I will continue to struggle with a brother and other relatives who supported our current national leadership. I will continue to struggle with the cruelty and meanness towards each other we’re seeing on TV every day. And I will continue to struggle with unjust treatment of people because of where they’re from, what they look like or whom they love.
But I will also give thanks for these struggles – because they force me to look deep into my own heart, my own soul. It forces me to articulate who I am, who I want to be as a Unitarian Universalist and as a minister. These struggles allow me to see who I do not want to be, what I will not support. And I am grateful for that insight.
So as you’re sitting around the table with those you love, and perhaps those you’re not sure you love, remember why we do this. Remember why we celebrate this holiday. Be mindful of what this meant and continues to mean to our indigenous neighbors. Give thanks for your family, your friends, this community. Hold your ancestors close and your memories even closer – even if it’s your mother, in her bathrobe and slippers at the kitchen sink. These are what makes this holiday so special.
I’ll end this morning with The Stubborn Gifts of Breath and Life
by Maureen Killoran:
It felt like being on the moon, walking on Mount St. Helens. Just a few years previous, that mountain had blown her top,
destroying human and animal life, flattening vegetation and
buildings for miles and sharing its ash with the world. As we
stepped from our car, we felt that ash drift like talcum around
our ankles, rise in the air, enter with our breath. Other than
occasional blacked memories of trees, all was grey, grey as far you could see.

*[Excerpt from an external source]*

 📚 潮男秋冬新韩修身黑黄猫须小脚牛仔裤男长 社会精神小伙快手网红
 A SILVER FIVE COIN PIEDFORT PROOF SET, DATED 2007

Silence seized us for the longest time as we stood there, two
irrelevant humans and this huge, mutilated world. Only
gradually did our eyes slow and our hearts focus. Only gradually did we begin to see what was really before us.
How had we overlooked the fireweed, that perennial volunteer, its brilliant buds proclaiming, “Hey, world, we’re back!” What blocked us from celebrating the eager insect conversations around us? It was right there before us, and we nearly walked away. Overwhelmed by the devastation, we almost missed the tiny pond, its surface literally dancing with more tadpoles than I had ever seen.

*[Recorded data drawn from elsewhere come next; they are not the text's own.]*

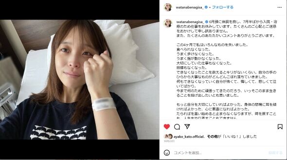 なお、病状などについては明かされておらず、渡邊アナの投稿でも現在に至るまで言及されていません。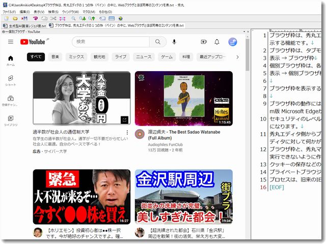 新・秀丸では、ブラウザ枠とエディタ枠を並べて表示することができます。
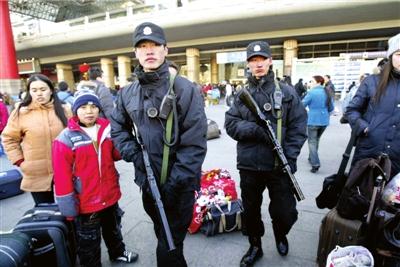 昨天,持槍特警在北京西站巡邏。當(dāng)天,記者從北京鐵路警方獲悉,為確保春運期間旅客的安全,目前,鐵路警方已安排30名特警進(jìn)駐北京站和西站,負(fù)責(zé)在站前廣場24小時持槍巡邏。(本報記者 王儉 王鵬昊 攝影報道)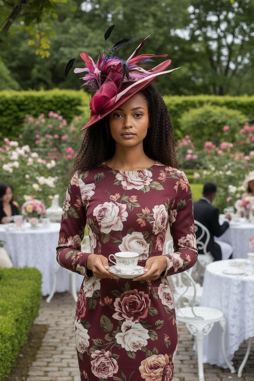 Burgundy Wine Fascinator Hat, Big Deep Red Wine with a bouquet of Feathers, Dusty Rose Pink, Black, Plum Feather Fascinator hat, on a 23 inch textured fascinator hat,It's a Beauty!!

We do this, you see – we ensnare ourselves with the magnitude of what the poet called the mutilated world. We get busy, and troubled, and frightened, and then, incongruously, it’s time for Thanksgiving. I, at least, need this season to remind myself to be grateful for intermittent beauty and the stubborn gifts of breath and life. I—maybe you too?—need this season, even if just quietly to say, “praise be.”